The pressure plate should be set to about 2-6 or 3-6, as there will be 7 water which will spread between the pressure plate and the tile next to it. However, if there is 7 water on each tile, then the column must be flooded to Z0 or Z+1 in which case the output needs to be 0 (so we can OR all columns to get the result)

Control logic

When unused, all columns should be flooded to Z0. The pumps and drains for each column should be connected to a logic circuit as follows: (the drain could be a pump or a floodgate) (this assumes the inputs are disconnected for undesired columns)

  • Z-1 pump = read
  • Z0 pump = NOT (write-1 OR read OR write-0)
  • Z+1 pump = write-1
  • Drain = write-0

Alternatively:

  • Z-1 pump = read AND selected
  • Z0 pump = NOT selected
  • Z+1 pump = write-1 AND selected
  • Drain = write-0 AND selected.

The read, write-0 and write-1 inputs can be connected together for every column, if there is a way of disconnecting individual columns from all three at once.

The control logic needs to do the following (in any order or simultaneously), for any operation:

  • Disconnect inputs to all unused columns, so they will be pumped to Z0.
  • Send the appropriate signals for 'read', 'write-1' and 'write-0' (one will be true, indicating the operation to be performed)

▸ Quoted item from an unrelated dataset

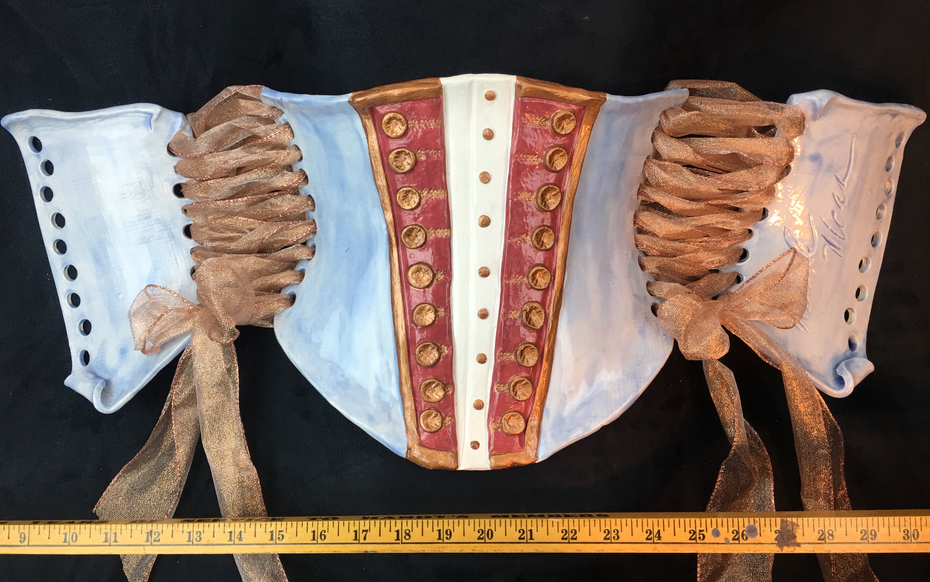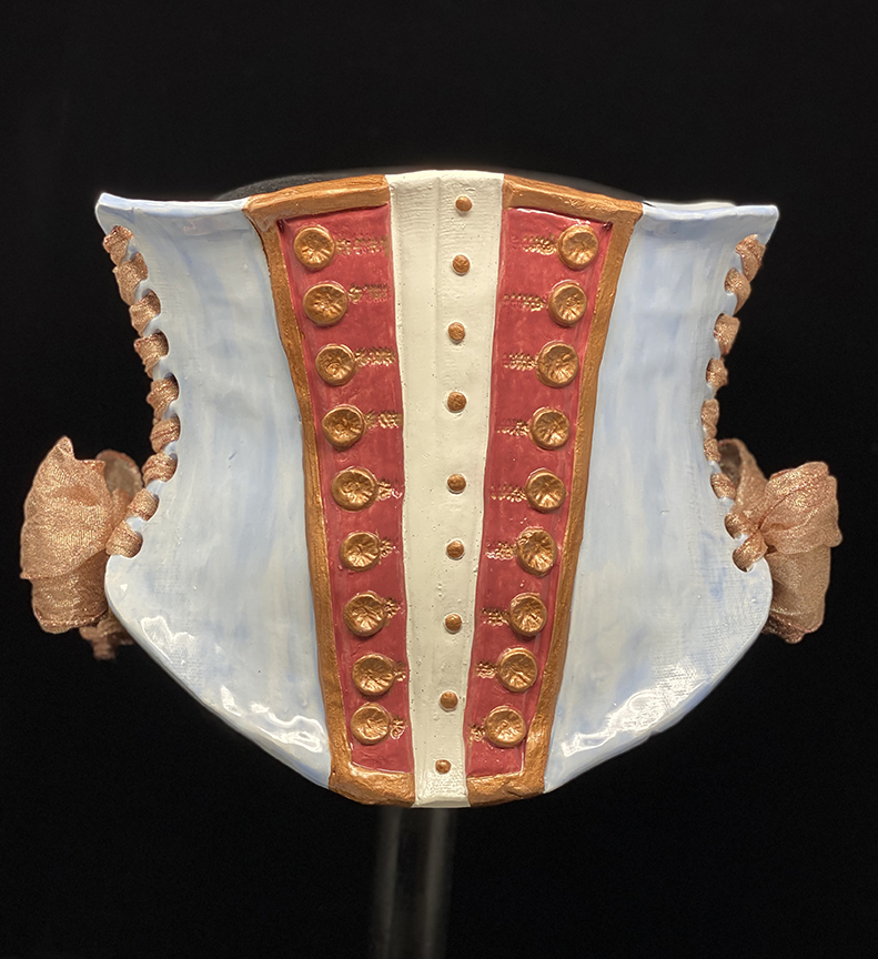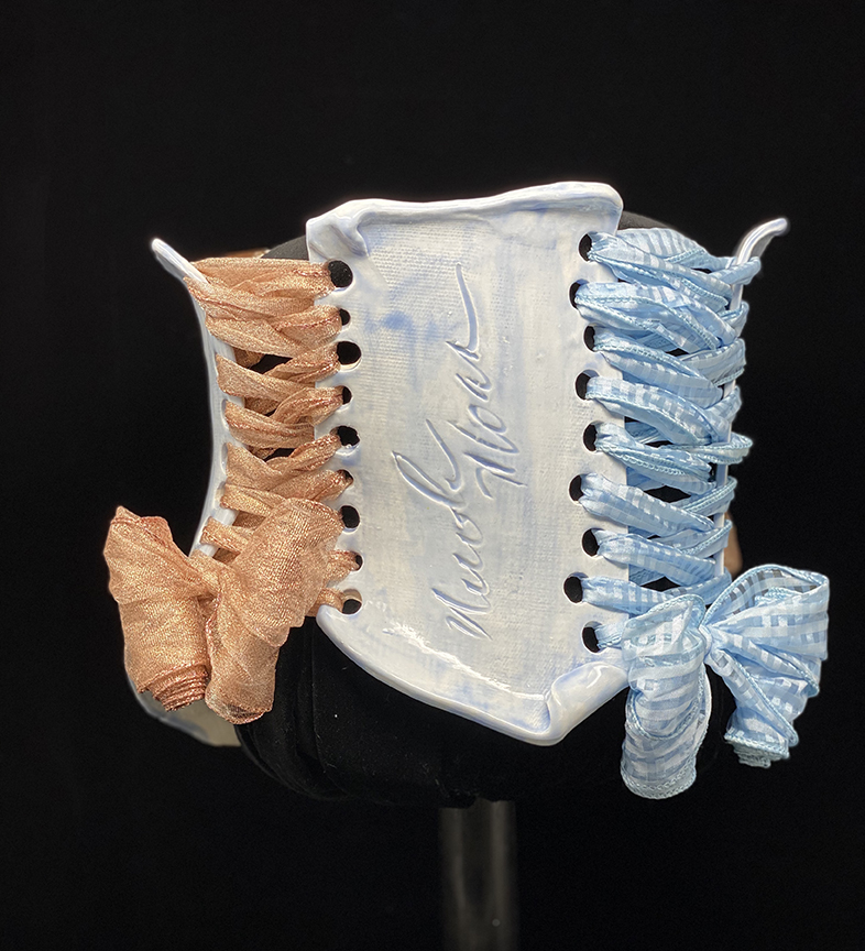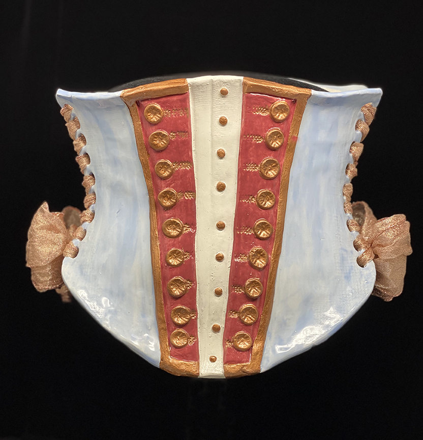 Nicole Moan Ceramic Corsets are all hand sculpted clay pieces, glazed with traditional pottery glazes. They can be worn or displayed as art.

It then needs to open the hatches for the particular row after a delay, by opening the floodgate to let water into the row control machinery.

write-0 = LATCH(SET = write-operation AND NOT data, RESET = NOT busy)
write-1 = LATCH(SET = (write-operation AND data) OR read-output, RESET = NOT busy)
read = LATCH(SET = (read-operation AND NOT read-sensor), RESET = NOT busy)
read-output = LATCH(SET = read-sensor, RESET = NOT busy)
busy = LATCH(SET = start, RESET = DELAY(start))
(none of this has been tested)

start, write-operation, read-operation are inputs to the device. read-output is an output from the device. read-sensor is generated by OR'ing together all the sensing pressure plates. read-operation and write-operation should probably be latched when 'start' becomes true.

The address is used as follows:

  • As mentioned earlier, the number of rows MUST be a power of two, but the number of columns doesn't need to be.
  • If there are 2^N rows, the lower N bits of the address go directly to the row control machinery.
  • The upper bits of the address select which row's inputs aren't disconnected.